I even got a job opportunity because of it -

Here’s the link - Quizprank
Previously I used a free hosting service googihost, but it could not handle much traffic 300+ Realtime users would result in 503 error.

So I switched it to Digitalocean because I got 50$ free credit.
Current server configuration - Shared CPU 4 vCPUs 8 GB RAM 50 GB Storage 5 TB Data Transfer

I am running Apache2 server and MySQL server on it.

The RAM utilisation is like 10%
but
The CPU utilisation is like 95%+

Currently, my website can never go past 250 page views per minute, Any more request will probably Overload my server. The main problem is every request require at least one SELECT query to run in MySQL and MySQL can’t handle much stress.

Can anyone help if I show you exact config file for MySQL and Apache2?

I tried using a config from StackOverflow into MySQL but it reduced the performance further.

I am currently using Cloudflare to cache most of the static content to reduce the load on my server.

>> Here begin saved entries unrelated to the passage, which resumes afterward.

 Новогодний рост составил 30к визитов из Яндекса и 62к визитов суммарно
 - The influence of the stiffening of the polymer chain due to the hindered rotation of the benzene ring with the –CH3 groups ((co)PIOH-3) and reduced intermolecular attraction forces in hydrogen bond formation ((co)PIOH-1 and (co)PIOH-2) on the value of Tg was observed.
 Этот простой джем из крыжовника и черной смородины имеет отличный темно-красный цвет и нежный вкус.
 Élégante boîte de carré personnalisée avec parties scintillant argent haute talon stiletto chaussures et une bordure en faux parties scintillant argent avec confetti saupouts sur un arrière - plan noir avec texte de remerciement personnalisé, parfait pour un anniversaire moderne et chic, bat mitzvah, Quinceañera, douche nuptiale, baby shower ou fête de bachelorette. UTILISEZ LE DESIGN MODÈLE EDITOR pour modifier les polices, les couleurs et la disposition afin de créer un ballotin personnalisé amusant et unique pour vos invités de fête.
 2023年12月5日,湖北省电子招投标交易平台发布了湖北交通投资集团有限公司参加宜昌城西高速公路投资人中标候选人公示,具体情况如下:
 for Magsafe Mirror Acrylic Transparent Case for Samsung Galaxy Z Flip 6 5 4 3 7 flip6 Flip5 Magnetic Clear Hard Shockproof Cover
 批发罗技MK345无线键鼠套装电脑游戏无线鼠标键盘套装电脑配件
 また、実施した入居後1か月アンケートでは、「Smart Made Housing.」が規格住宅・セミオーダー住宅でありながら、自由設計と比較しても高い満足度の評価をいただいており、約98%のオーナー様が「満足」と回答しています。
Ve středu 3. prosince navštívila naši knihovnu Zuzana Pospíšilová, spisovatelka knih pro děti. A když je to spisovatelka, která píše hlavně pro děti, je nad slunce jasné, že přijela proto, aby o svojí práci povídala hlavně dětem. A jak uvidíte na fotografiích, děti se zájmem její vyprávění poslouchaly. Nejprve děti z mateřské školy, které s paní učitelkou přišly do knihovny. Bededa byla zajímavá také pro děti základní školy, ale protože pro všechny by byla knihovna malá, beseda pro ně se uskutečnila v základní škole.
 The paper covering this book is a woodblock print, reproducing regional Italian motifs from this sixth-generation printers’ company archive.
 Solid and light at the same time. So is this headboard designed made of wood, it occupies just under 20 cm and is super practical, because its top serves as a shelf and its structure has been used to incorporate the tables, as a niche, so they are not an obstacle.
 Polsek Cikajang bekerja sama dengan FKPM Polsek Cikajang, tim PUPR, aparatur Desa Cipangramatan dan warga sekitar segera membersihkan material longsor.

And Cloudflare firewall is also helping me to block all the known bots like - Googlebot, Applebot, Twitterbot etc. because they also overwhelm my server during the peak hours.

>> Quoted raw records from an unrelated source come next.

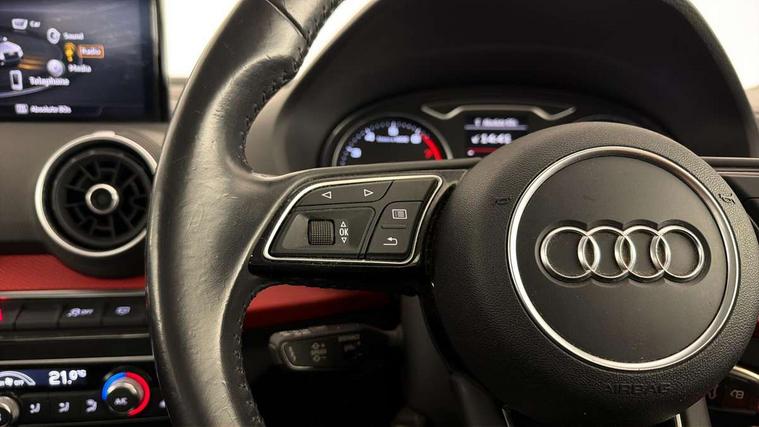 Audi drive select, Audi smartphone interface, Bluetooth hands free telephone connection, MMI - Multi Media Interface control system, PAS, Service interval indicator, Voice control system, Audi music interface, Aux input, CD player, DAB digital radio module, MMI radio plus with 7" colour MMI screen and MMI controller, USB port, Body colour door mirrors, Chrome exhaust tailpipe, Door mirror integrated indicators, Electrically adjustable and heated door mirrors, Front and rear electric windows, Rear wiper, Sunband for windscreen, Aluminium door sill trims, Centre console with storage/cupholders, Front and rear door pockets, Front and rear headrests, Front and rear velour floor mats, Front centre armrest, Front sports seats, Glovebox, Height adjustable front seats, Height/reach adjust steering wheel, ISOFIX on front passenger and rear outer seats, Storage compartment in rear centre console, 3x3 point rear seatbelts, ABS+Electronic Brake force Distribution, Curtain airbags, Driver and passenger airbags, Driver and passenger side airbags, EDL + ASR, Electrically operated child locks on rear doors, Electromechanical parking brake, ESP, Multi-Collision braking, Pre-sense front with pedestrian recognition, Seatbelt warning light, Tyre pressure monitoring system, Warning triangle and first aid kit, Locking wheel bolts, Remote central locking, Thatcham category 1 alarm + immobiliser, Aluminium interior trim,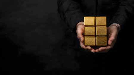 Businessman holding golden cubes in his hands on dark background with copy space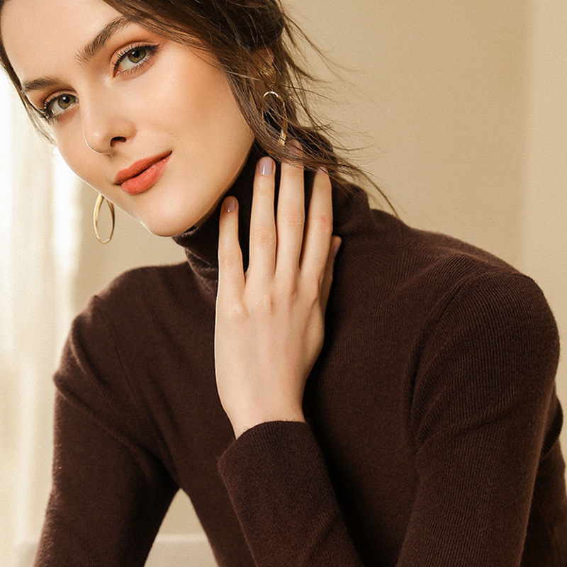 가을과 겨울 새로운 더미 칼라 니트웨어 양모 터틀넥 스웨터 여성용 슬림 핏 슬리밍 내부 두꺼운 펄버 베이스 셔츠

But these things don’t help.

I’m not web server expert, but have some experience building scalable web services.

When it comes to dealing with any issue, its good to first understand the problem as much as possible. In this case it sounds like your bottleneck is your database and web server CPU utilization once the server is scaled.

Digital ocean is awesome in that you can do anything with it, but then the question comes up of what you should. It sounds like your Apache server is having a tough time scaling to meet demand for higher. There could be any number of reasons why this is an issue, from your code to apache not being able to keep up with all the connections. The easiest problem is your code doesn’t scale well enough, this leads to the other problem you already state. Your database sounds like a bottleneck. You have a few choices when it comes to optimizing your database.

  1. Optimize your database queries if they aren’t optimal. Having multiple joins and or loading large amounts of data will result in the DB slowing down as its performing too much work.
  2. Your database needs to be scaled vertically (adding more power/CPU to the same machine). I’m not sure what size/scale your currently running at or how, if you should scale horizontally but it is an option.
  3. Optimize your code to not call the DB as much. I’m not sure why you need to call the DB ever single request, but if your checking something that doesn’t change often, like the user’s credentials or something, you might be able to get-away with an in-memory cache, in code or using something like redis

Its hard to provide magic configs/code that solves any problem for any given situation when the problem is broad. If you provide more details, and or isolate the problem to more specific areas of the code/setup you might be able to get more help. I believe focusing on what you already know about the pain point should be good enough to get you going on fixing those problems. :slight_smile:

Good luck!

PS. I talked with someone that was able to handled several thousand requests per minute on the smallest Digital Ocean droplet. This was possible due to not having a database to connect to, and building it in such a way it could handle a lot of concurrent connections.

I personally would use nginx over apache, but I also don’t use PHP so I’m not sure if this would be a potential pain point.

Thanks a lot brad! I will try optimizing my PHP code and use Redis to cache everything!